Saya juga tidak menemukan ada pelecehan simbol negara, karena sesungguhnya Presiden memang bukanlah simbol negara seperti yang diatur dalam UU. Presiden adalah pejabat publik, dipilih oleh publik, oleh karena itu posisinya terbuka dikritik publik.
Sebagai media pers redaksi Tempo tentu tidak alergi pada kritik terhadapnya. Sebagaimana umumnya karakter pers pejuang, Tempo pasti mewarisi juga sikap rendah hati pendahulu wartawan, para pejuang printis pers. Yang selalu memikirkan mendahulukan rubrik suara pembaca setiap kali menerbitkan surat kabar. Itu menjelaskan mereka sangat terbuka untuk koreksi bahkan sampai penuntutan hukum.

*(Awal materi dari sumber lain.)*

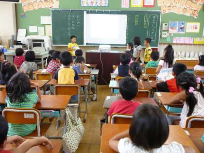 描いた絵をプロジェクターでうつして説明をし,質問をうけたり,答えたりもしました。

Saya menanggapi pandangan pembicara seakan pers kebal hukum. “ Kami tidak mungkin berbohong, soalnya ancaman yang kami hadapi 4 tahun penjara kalau membuat fitnah. Sedangkan Tempo cukup datang kepada Dewan Pers untuk minta maaf, selesai persoalan,” kata Eko Khuntadi. Tentu saja itu keliru. Pers bukan tidak bisa dihukum. Ada UU yang mengatur mekanisme pengajuan keberatan kepada pers. Pertama, layangkan hak jawab kepada media, seperti yang dilakukan oleh Presiden SBY dulu.Tak cukup? Bisa lanjut ke Dewan Pers. Tak puas di sini, bisa diteruskan kepada proses hukum.

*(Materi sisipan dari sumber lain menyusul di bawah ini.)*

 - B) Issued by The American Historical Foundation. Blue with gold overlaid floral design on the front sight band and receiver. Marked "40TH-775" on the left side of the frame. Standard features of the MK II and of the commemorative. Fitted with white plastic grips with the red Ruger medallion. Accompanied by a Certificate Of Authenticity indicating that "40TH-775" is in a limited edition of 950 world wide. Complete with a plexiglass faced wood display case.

“Saya kalau menyatakan mendukung kepada pemerintah, dimana salahnya? ,” tanya Eko. Memang tidak salah menyatakan dukungan kepada pemerintah melalui media manapun. Pers juga tidak lantas melanggar apapun kalau terus mengkritisi pemerintah. Itulah bagian dari warisan tokoh pers pendahulu kita. Kata PK Oyong, pendiri Kompas, wartawan bukanlah para pengabdi dan penjilat kekuasaan.
Ada pun Teddy Gusnadi sempat nyecar Budi untuk membuka sumber informasi Tempo sehingga mengambil kesimpulan ada “Buzzer Istana”
Ini jelas mustahil. Perkara sumber berita itu diatur dalam kode etik jurnalistik. Sampai mati pun tidak akan mungkin dibuka. Selain diatur oleh kode etik, UU pun memberi jaminan terhadap hak tolak itu. Artinya di pengadilan saja pun, wartawan dapat menggunakan hak tolak.
Bukan hanya Teddy, bahkan Ngabalin pun tampaknya tidak tahu, wartawan bekerja dengan berpegangg pada kode etik jurnalistik. Itulah konsep operasional moral wartawan. Menyalahi itu tamatlah riwayat wartawan. Sebab itu menjadi martabatnya. Melanggar kode etik jurnalistik bagi media seperti Tempo itu sama dengan bunuh diri. Lebih berat dibandingkan melanggar hukum.
Memang tidak ada pembicara segarang Ali Mochtar Ngabalin mempersoalkan Tempo malam itu. Secara terbuka dia menyerang Tempo dengan kata-kata amat kasar untuk dilakukan pejabat negara seperti dia. Pakai cara intimidasi dan kata terkutuk segala untuk Tempo. Karni Ilyas berkali- kali menegurnya. Tapi tak mempan.
Berulangkali dia menyatakan dirinya sebagai “ abdi dalam” Presiden Jokowi dan oleh karena sangat terluka “junjungannya” ditampilkan dalam cover Pinokio.
Saya sebenarnya tak cuma kenal tetapi cukup bersahabat dengan Ngabalin. Saya menyayangkan cara dia kayak banteng terluka menyampaikan keberatan. Seperti menutup mata terhadap aturan berurusan dengan media. Mestinya text lawan text, bukan text dilawan intimidasi dan kutukan.
Budi menginformasi pernyataan saya. Sampai malam itu, belum ada surat pernyataan keberatan dari pihak Istana soal cover Tempo tersebut. Tapi ini juga tak dihiraukan Ngabalin. “ Buat apa lagi, orang sudah babak belur, kok, “ sahut dia.